Bei einer solchen Freisetzung ist für größere Gebiete - vielleicht sogar über Landesgrenzen hinweg - mit einem erhöhten Risiko für gesundheitliche Folgen in der Bevölkerung zu rechnen, heißt es bei der IAEO. Dazu seien "langfristige Konsequenzen für die Umwelt wahrscheinlich. Und es ist sehr wahrscheinlich, dass Schutzmaßnahmen wie der Aufenthalt in Gebäuden und Evakuierungen als notwendig betrachtet werden".

Die bislang geltende Stufe 5 betrifft dagegen eine freigesetzte radioaktive Aktivität in einer Größenordnung, die "Hunderten bis Tausenden Terabecquerel von Jod-131" entspricht.

Wie in der Vergangenheit wurden die Daten nur zögerlich veröffentlicht. Erst hatte der Vorsitzende der japanischen Atomsicherheitskommission (NSC), Haruki Madarame, erklärt, man schätze, dass über mehrere Stunden Material mit einer Aktivität von 10.000 Terabecquerel pro Stunde freigesetzt worden sei.

Nun erst wurden die dramatischen Zahlen veröffentlicht, die zu der Anhebung der Gefahrenstufe auf Level 7 führten.

Inzwischen soll die Freisetzung auf weniger als ein Terabecquerel pro Stunde zurückgegangen sein. Trotzdem habe man die Einstufung der Schwere des Unglücks auf 7 angehoben, "weil die Auswirkungen der Strahlung umfassend sind, in der Luft, im Gemüse, in Leitungs- und Meerwasser", wie Minoru Oogado von der Atomsicherheitsbehörde (Nisa) erklärte.

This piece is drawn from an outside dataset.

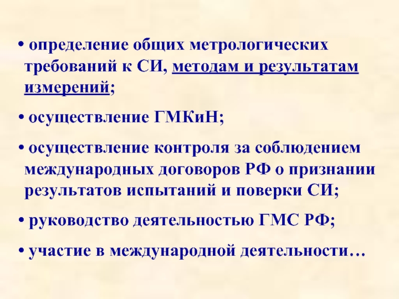 Слайд 8 определение общих метрологических требований к СИ, методам и результатам измерений;

Zuvor hatten die französische Atomsicherheitsbehörde ASN und das Institute for Science and International Security Fukushima-1 bereits immerhin auf 6 eingestuft, einer Einschätzung, der Japan bislang nicht hatte folgen wollen. Dabei hatten bereits Ende März Experten des österreichischen Zentralanstalt für Meteorologie und Geodynamik (ZAMG) berechnet, dass die Radioaktivität in einer Größenordnung von mehreren Hunderttausend Terabecquerel liegen könnte. Die Forscher nutzen Messdaten der Organisation CTBTO, die die Einhaltung des Atomwaffenteststopp-Vertrags überwacht. Allerdings müssen diese Daten, die in großer Entfernung von Fukushima-1 gemessen werden, hochgerechnet werden. Die Angaben der Österreicher galten demnach als relativ unsicher. Sie dürften sich nun bestätigt fühlen.

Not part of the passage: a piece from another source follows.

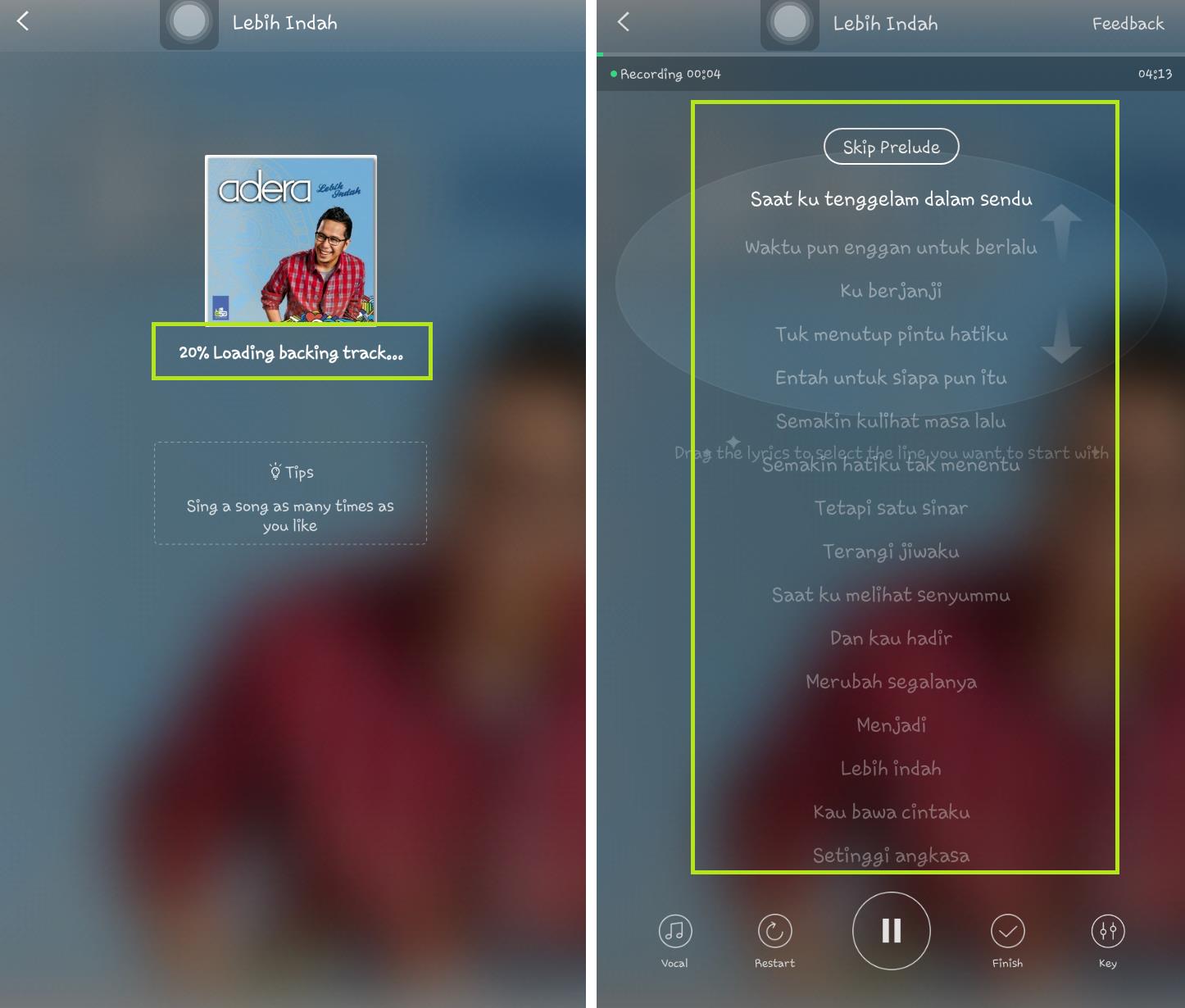 5. Selanjutnya kamu siap untuk memulai karaoke. pergerakan lyric akan disesuaikan dengan lagu sehingga kamu akan dengan mudah menyanyikannya.

In einem überraschend ehrlichen Statement erklärte ein Sprecher des Anlagenbetreibers Tepco inzwischen, letztlich könnte sogar mehr Radioaktivität in die Umwelt gelangen als in Tschernobyl. Es besteht allerdings Hoffnung, dass es nicht soweit kommt. Schließlich, so fügte ein Sprecher der japanischen Atomaufsichtsbehörde Nisa, hinzu, habe es anders als in Tschernobyl bislang keine Explosionen im Reaktorkern von Fukushima-1 gegeben.

Auch die Gefahr, die für die Bevölkerung ausgeht, wird in Japan nun offenbar neu bewertet. So hat die Atomsicherheitskommission erklärt, dass auch in Gebieten, die im Nordwesten mehr als 60 Kilometer und im Südwesten bis zu 40 Kilometer von Fukushima-1 entfernt liegen, die erlaubte Höchstdosis von 1 Millisievert, der ein Mensch über den Zeitraum von einem Jahr ausgesetzt sein darf, inzwischen überschritten sei. Betroffen sind offenbar die Orte Katsurao, Namie, Iitate sowie Teile von Kawamata und Minamisoma. Die Evakuierungszone rund um das Kraftwerk wurde deshalb auf diese Gemeinden ausgedehnt.

Innerhalb der 20-Kilometer-Zone wurden Werte von weniger als einem Millisievert bis hin zu mehr als 100 Millisievert gemessen, in der Zone zwischen 20 und 30 Kilometer um das havarierte Kraftwerk wurden Werte von weniger als 50 Millisievert festgestellt. Diese Werte gelten nicht pro Stunde, sondern stellen die Belastung für den Zeitraum seit der Freisetzung dar. Doch Menschen, die bislang dort über längere Zeit der Strahlung ausgesetzt waren, könnten die Höchstdosis von einem Millisievert pro Jahr bereits erheblich überschritten haben.